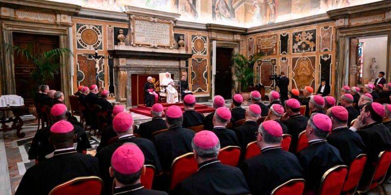 “Ningún país en el mundo tiene un cuerpo diplomático tan unido como ustedes: porque su comunión, nuestra comunión, no es solo funcional ni solo ideal, sino que estamos unidos en Cristo y en la Iglesia”, ha comenzado diciéndoles el Pontífice desde la Sala Clementina de los Palacios Apostólicos.
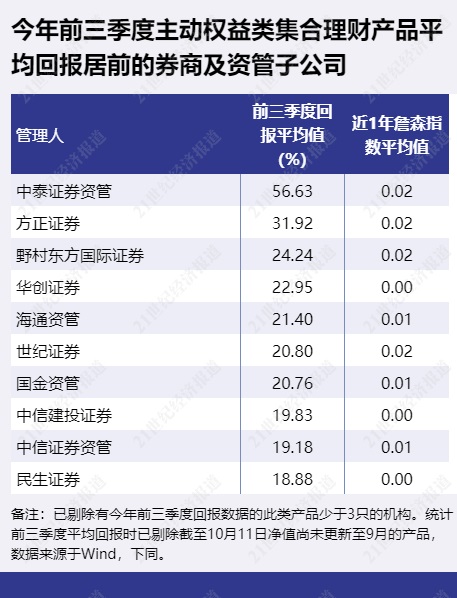 3、主動權益類產品:萬聯資管、大同證券等前三季度和9月平均回報排名靠后
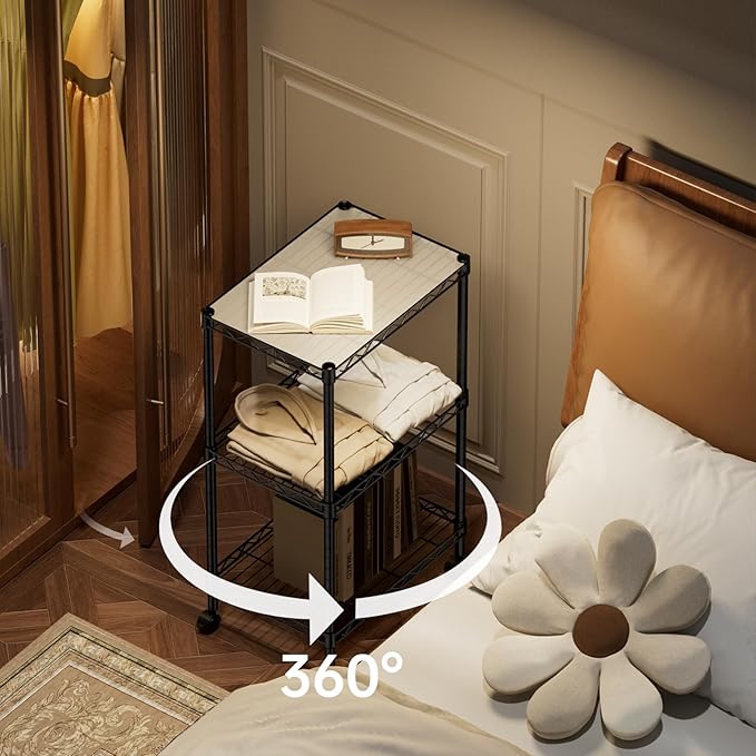 SINGAYE 3 Small Shelves Storage Shelf Wire Shelving Unit Metal Shelf Adjustable Organizers Storage Shelving with Wheels for Bathroom Laundry Room Kitchen Pantry11.5”D x 17.3”W x 30”H Black
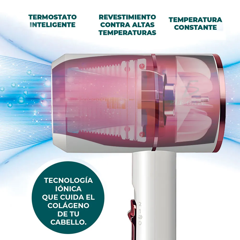 Su tecnología iónica cuida el colágeno de tu cabello Función: anión, aire caliente y frío, temperatura constante, protección contra sobrecalentamiento
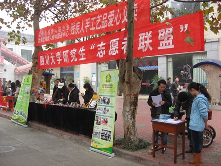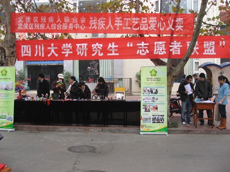 今年的12月3日,由电子、计算机、文新公司共同举办的志愿者联盟第一期活动之“隐形的翅膀”在东三食堂门口顺利展开,活动进行了残疾人日和残疾人自强不息精神的宣传,邀请到了武侯区残疾人联合会参加,他们带来了残疾人手工艺品到现场展示和义卖,引来了很多同学的关注,员工们纷纷报名参加后续的残疾人志愿者服务,这次活动顺利的举行,达到了预期的效果。
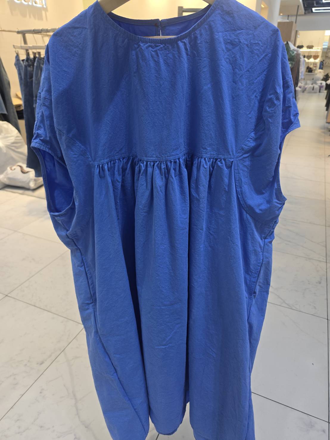 3637D BLUE CASUAL, LINEN DRESS, RELAXED FIT, WITH GATHERED WAIST
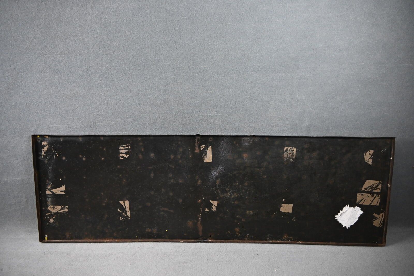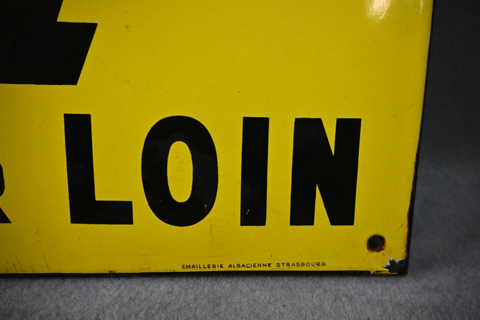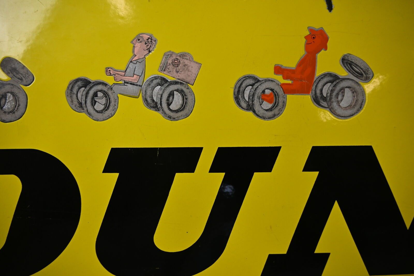 DUNLOP "Pour aller VITE...Pour aller LOIN". Advertising plate in enamelled sheet metal, chamfered rectangle shape, illustrated with the Petit Conducteur à la valise by SAVIGNAC. Émaillerie Alsacienne Strasbourg. Chips, scratches, deformation, restoration. Dimensions: 46 x 146 cm
+++
## Instructions for the task
Give again, exactly, the lines starting at the first entry above and ending at the line with "SINGAYE 3 Small"; please leave pictures out.

## Output of the exercise
 “Ningún país en el mundo tiene un cuerpo diplomático tan unido como ustedes: porque su comunión, nuestra comunión, no es solo funcional ni solo ideal, sino que estamos unidos en Cristo y en la Iglesia”, ha comenzado diciéndoles el Pontífice desde la Sala Clementina de los Palacios Apostólicos.
 3、主動權益類產品:萬聯資管、大同證券等前三季度和9月平均回報排名靠后
 SINGAYE 3 Small Shelves Storage Shelf Wire Shelving Unit Metal Shelf Adjustable Organizers Storage Shelving with Wheels for Bathroom Laundry Room Kitchen Pantry11.5”D x 17.3”W x 30”H Black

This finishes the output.